* **Supplied material**
+ + +
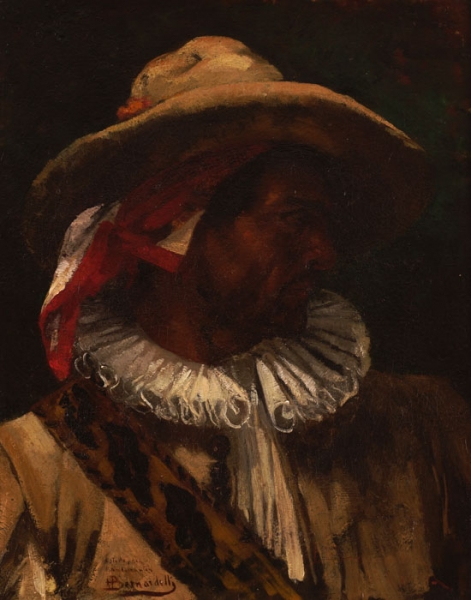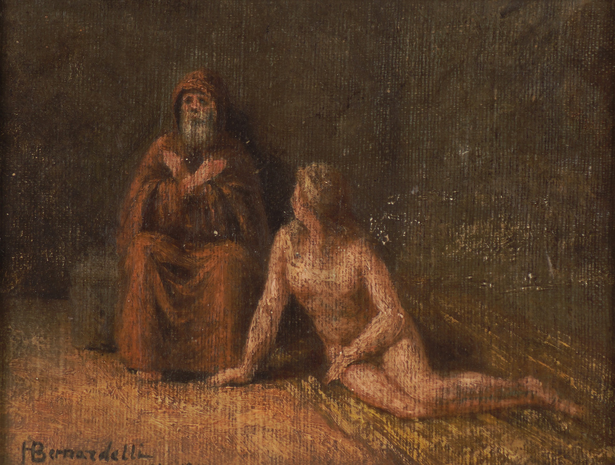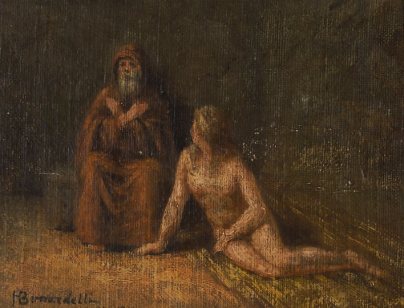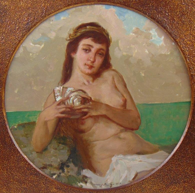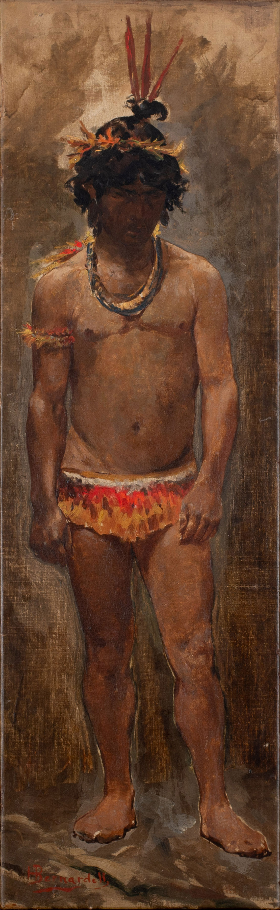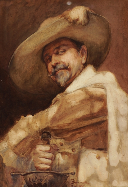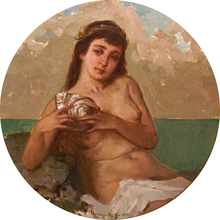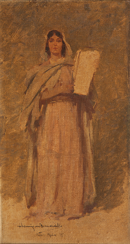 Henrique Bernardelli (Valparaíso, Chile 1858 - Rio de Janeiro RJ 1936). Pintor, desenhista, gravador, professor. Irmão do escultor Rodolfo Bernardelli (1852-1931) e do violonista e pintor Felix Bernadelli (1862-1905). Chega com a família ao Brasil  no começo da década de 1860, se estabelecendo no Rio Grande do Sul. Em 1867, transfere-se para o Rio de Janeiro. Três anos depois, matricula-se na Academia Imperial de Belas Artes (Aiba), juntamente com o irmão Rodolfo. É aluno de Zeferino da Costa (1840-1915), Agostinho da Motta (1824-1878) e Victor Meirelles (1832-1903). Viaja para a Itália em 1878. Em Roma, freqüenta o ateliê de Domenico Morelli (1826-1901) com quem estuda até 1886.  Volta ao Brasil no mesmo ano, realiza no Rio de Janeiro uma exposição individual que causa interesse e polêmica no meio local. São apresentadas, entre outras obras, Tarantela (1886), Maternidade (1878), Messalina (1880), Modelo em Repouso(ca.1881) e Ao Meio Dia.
+ + +
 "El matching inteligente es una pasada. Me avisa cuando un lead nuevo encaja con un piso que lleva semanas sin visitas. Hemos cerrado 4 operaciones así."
+ + +
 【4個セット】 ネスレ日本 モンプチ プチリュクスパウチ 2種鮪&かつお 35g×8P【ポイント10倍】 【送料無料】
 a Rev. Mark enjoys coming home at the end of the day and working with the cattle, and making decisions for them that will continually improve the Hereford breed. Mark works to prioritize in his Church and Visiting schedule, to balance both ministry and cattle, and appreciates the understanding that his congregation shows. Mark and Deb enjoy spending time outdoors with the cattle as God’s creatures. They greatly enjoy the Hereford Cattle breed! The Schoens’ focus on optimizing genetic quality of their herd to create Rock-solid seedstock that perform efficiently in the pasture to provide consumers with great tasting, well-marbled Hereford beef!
+ + +
Produce only the lines from the line containing "2種鮪&かつお 35g×8P【ポイント10倍】 【送料無料】" through the line containing "a Rev. Mark", inclusive of both, exactly as they stand in the entries above.

* **Your response**
 【4個セット】 ネスレ日本 モンプチ プチリュクスパウチ 2種鮪&かつお 35g×8P【ポイント10倍】 【送料無料】
 a Rev. Mark enjoys coming home at the end of the day and working with the cattle, and making decisions for them that will continually improve the Hereford breed. Mark works to prioritize in his Church and Visiting schedule, to balance both ministry and cattle, and appreciates the understanding that his congregation shows. Mark and Deb enjoy spending time outdoors with the cattle as God’s creatures. They greatly enjoy the Hereford Cattle breed! The Schoens’ focus on optimizing genetic quality of their herd to create Rock-solid seedstock that perform efficiently in the pasture to provide consumers with great tasting, well-marbled Hereford beef!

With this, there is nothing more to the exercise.